InternLM-XComposer-2.5: A Versatile Large Vision Language Model Supporting Long-Contextual Input and Output

InternLM-XComposer-2.5 (IXC-2.5) is a versatile Large Vision Language Model (LVLM) designed to handle long-contextual input and output, excelling in various text-image comprehension and composition tasks. It achieves performance comparable to GPT-4V with a significantly smaller 7B LLM backend, demonstrating its efficiency and scalability.

Pan Zhang, Xiaoyi Dong, Yuhang Zang, Yuhang Cao, Rui Qian, Lin Chen, Qipeng Guo, Haodong Duan, Bin Wang, Linke Ouyang, Songyang Zhang, Wenwei Zhang, Yining Li, Yang Gao, Peng Sun, Xinyue Zhang, Wei Li, Jingwen Li, Wenhai Wang, Hang Yan, Conghui He, Xingcheng Zhang, Kai Chen, Jifeng Dai, Yu Qiao, Dahua Lin, Jiaqi Wang

ℹ️ More Information

InternLM-XComposer-2.5 builds upon its previous iterations (IXC-2 and IXC-2-4KHD) and features a three-component architecture: a lightweight OpenAI ViT-L/14 vision encoder, a powerful InternLM2-7B LLM, and Partial LoRA for efficient alignment between the visual and language modalities. IXC-2.5 supports diverse input modalities, including text, single/multiple images, and videos. It utilizes a Unified Dynamic Image Partition strategy to handle high-resolution images and videos, resizing and padding them into smaller patches while preserving aspect ratios. For videos, frames are sampled and concatenated along the short side, creating a high-resolution composite image. The model is pre-trained in three stages: general semantic alignment, world knowledge alignment, and vision capability enhancement, using a diverse range of datasets. During pre-training, the LLM is frozen, and the vision encoder and Partial LoRA are fine-tuned to align visual tokens with the LLM. Supervised fine-tuning is then performed on a collection of datasets covering various tasks, including captioning, visual question answering, multi-turn QA, science QA, chart QA, math QA, OCR QA, video understanding, and conversation. This fine-tuning process involves jointly training all components with a weighted data sampling strategy and specific learning rate schedules for each component. IXC-2.5 also introduces two novel applications: crafting webpages and composing high-quality text-image articles. For webpage generation, the model is trained on a combination of synthetic and real-world web data, enabling it to generate HTML, CSS, and JavaScript code based on screenshots, instructions, or resume documents. For article composing, IXC-2.5 leverages Chain-of-Thought (CoT) and Direct Preference Optimization (DPO) techniques to enhance the quality of written content. This involves rewriting original prompts using CoT, generating diverse responses using different random seeds, and training a reward model to select preferred responses, ultimately leading to more creative and high-quality article generation.

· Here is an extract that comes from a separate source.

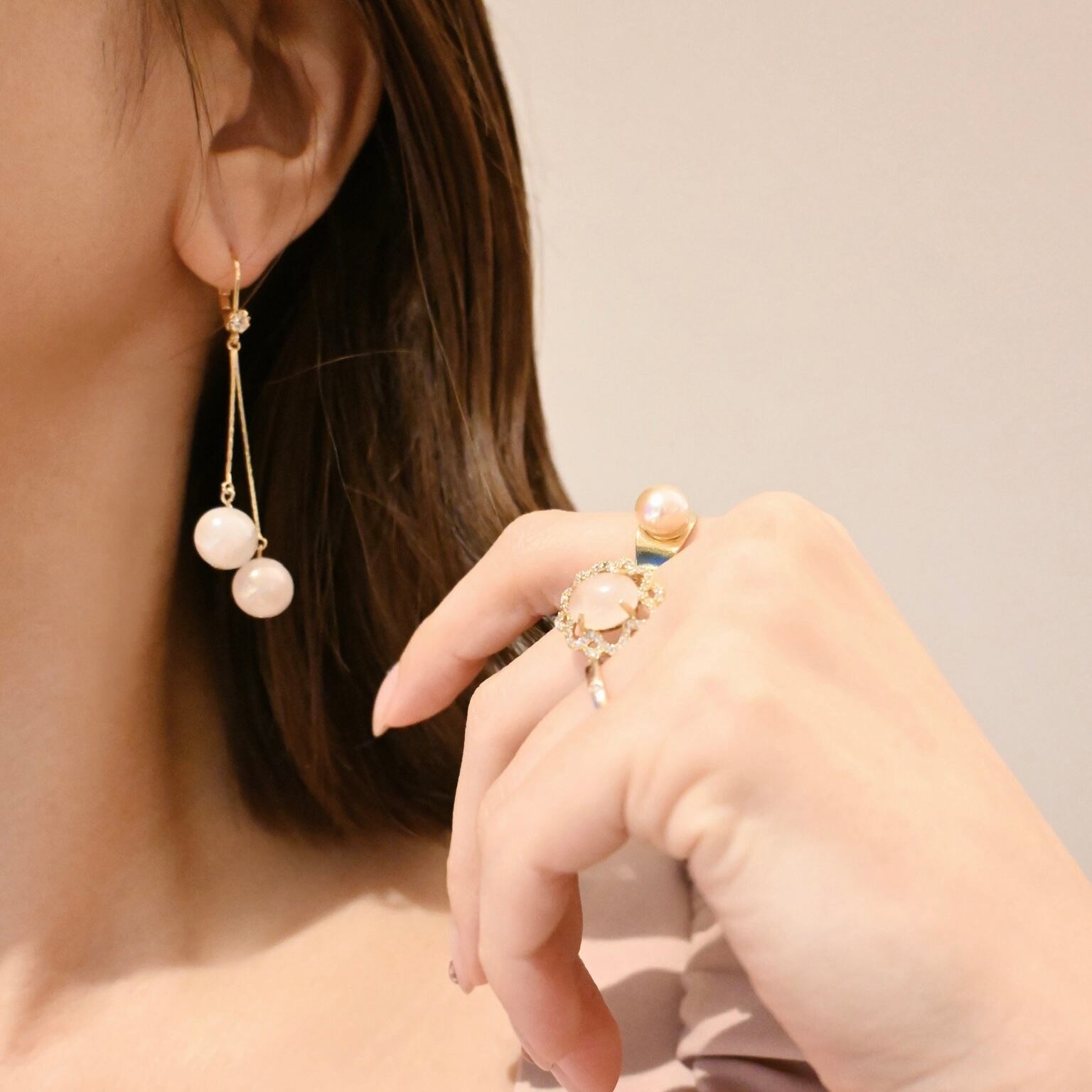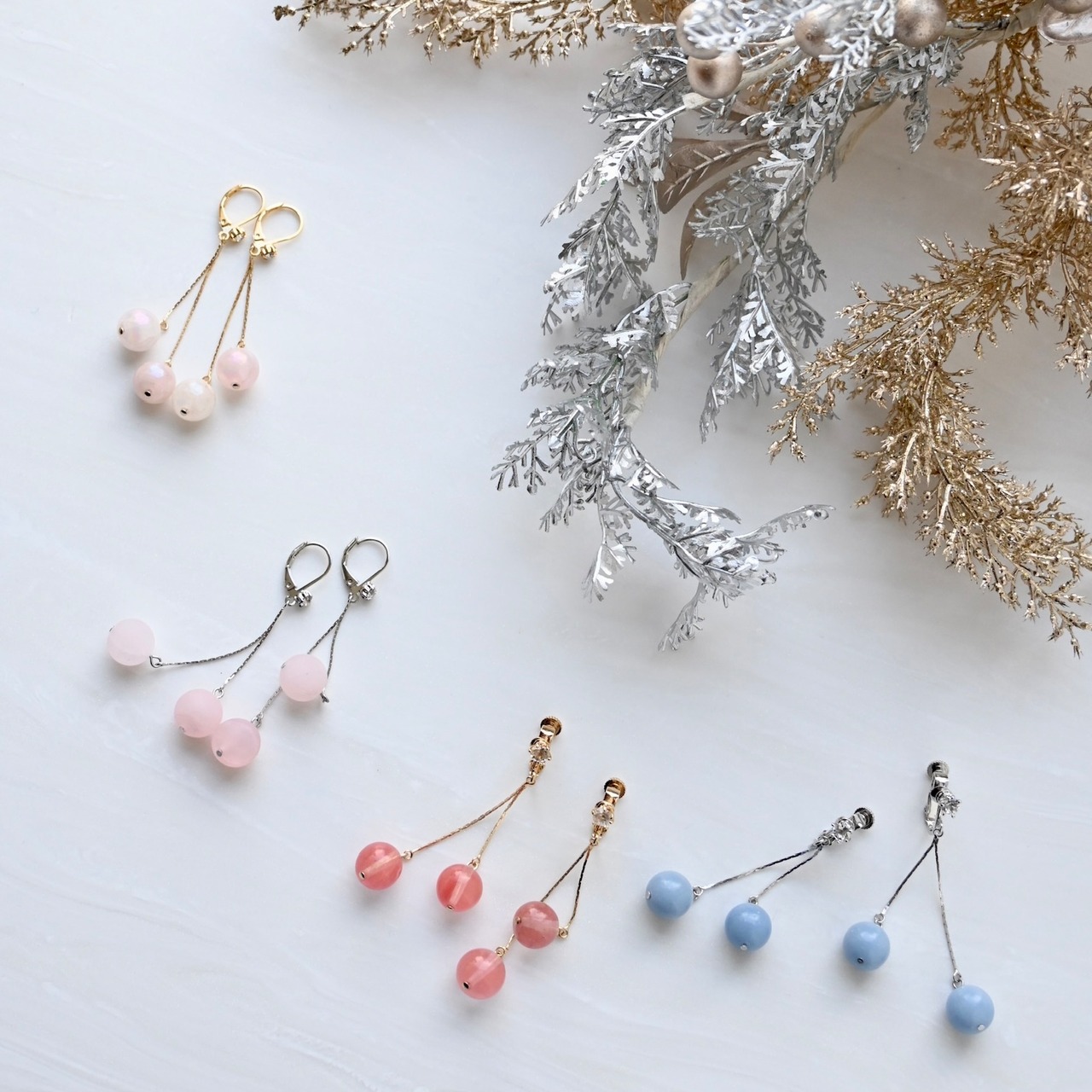 天然石がチェリーのように揺れるイヤリング/ピアスシリーズ。

DeepSeek-VL: Towards Real-World Vision-Language Understanding

DeepSeek-VL, utilizing a hybrid vision encoder combining SigLIP-L and SAM-B, excels in real-world vision-language understanding by efficiently processing high-resolution images and integrating extracted features with a DeepSeek LLM backbone through a two-layer hybrid MLP adapter.

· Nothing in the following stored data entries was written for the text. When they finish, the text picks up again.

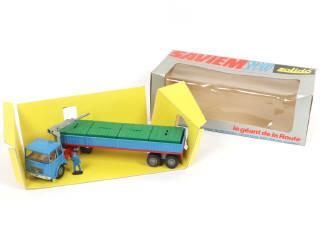 SOLIDO (FRANCE) 316 SAVIEM SM 300 Semi-remorque plateau à ridelles basses bleu, rouge & vert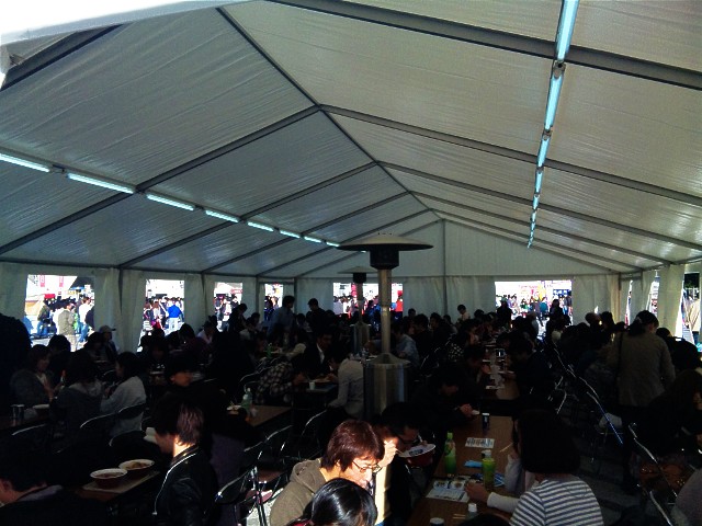 場内に点在する仮設食堂はどこも人でごった返していて、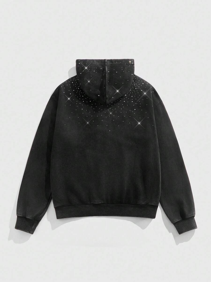 Street Life Men's Casual Washed Rhinestone Hoodie Sweatshirt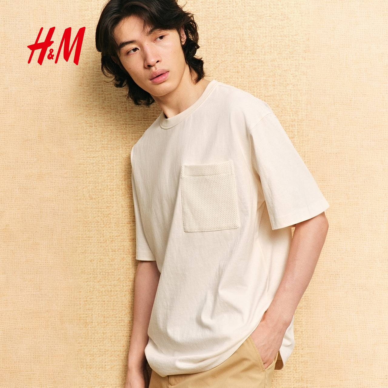重磅棉质箱型宽松口袋短袖 HM男装 新款 T恤2025秋季 上衣1288867 女装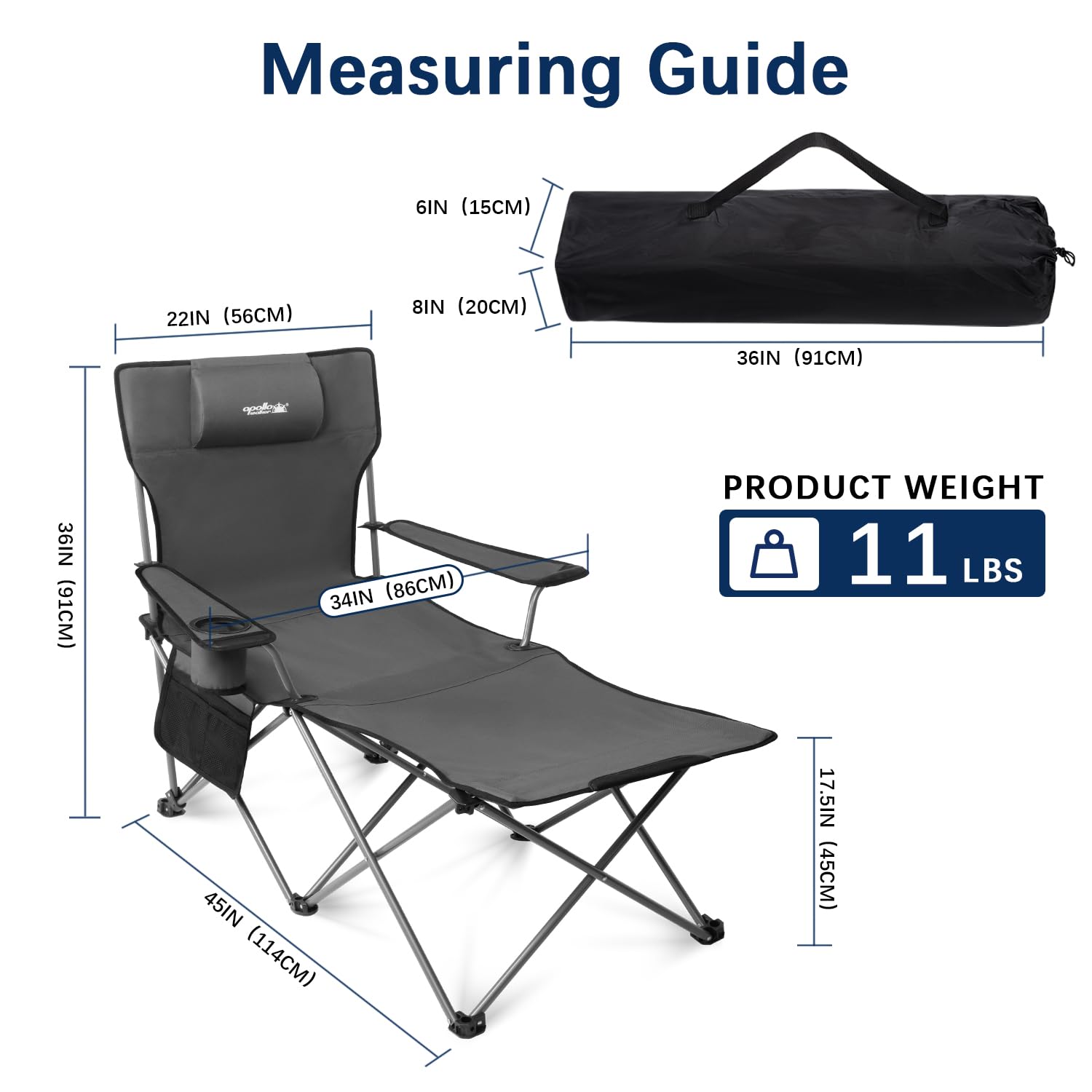 • Convenient Storage and Portability: This beach lounge chair can be instantly set up or folded without requiring assembly, making it easy to use. The folded size is only 35.5 x 6 x 8 inches, and it weighs only 11 pounds, making it very convenient to carry. The chair comes with a storage bag, simplifying your travel preparations and ensuring you are ready for a pleasant hike. Wherever you go, it provides ultimate comfort.

Haoyu Lu, Wen Liu, Bo Zhang, Bingxuan Wang, Kai Dong, Bo Liu, Jingxiang Sun, Tongzheng Ren, Zhuoshu Li, Hao Yang, Yaofeng Sun, Chengqi Deng, Hanwei Xu, Zhenda Xie, Chong Ruan

ℹ️ More Information

DeepSeek-VL: Employs a hybrid vision encoder architecture, fusing a SigLIP-L encoder for semantic understanding with a SAM-B encoder for high-resolution detail extraction. This allows for efficient processing of 1024x1024 images while capturing both global and fine-grained visual features. A two-layer hybrid MLP adapter then integrates these features with the DeepSeek LLM backbone. The model is pre-trained on a diverse dataset encompassing web screenshots, PDFs, OCR, charts, and knowledge-based content from sources like Common Crawl, Web Code, E-books, and arXiv articles. This pretraining is further refined using a curated instruction-tuning dataset based on real user scenarios and categorized into a comprehensive taxonomy covering recognition, conversion, analysis, reasoning, evaluation, and safety tasks. By combining this diverse data with its unique architecture and fusion strategies, DeepSeek-VL aims to deliver robust performance across a wide range of real-world vision-language applications.

MANTIS: Mastering Multi-Image Understanding Through Interleaved Instruction Tuning（数据集的创新，主要是多图像选择问答）

MANTIS is a family of open-source large multimodal models that demonstrate state-of-the-art performance on multi-image visual language tasks. By focusing on instruction tuning with a carefully curated multi-image dataset, MANTIS achieves superior results using significantly less data than models trained with massive web datasets. This efficient approach opens new avenues for developing powerful multi-image LMMs with limited resources.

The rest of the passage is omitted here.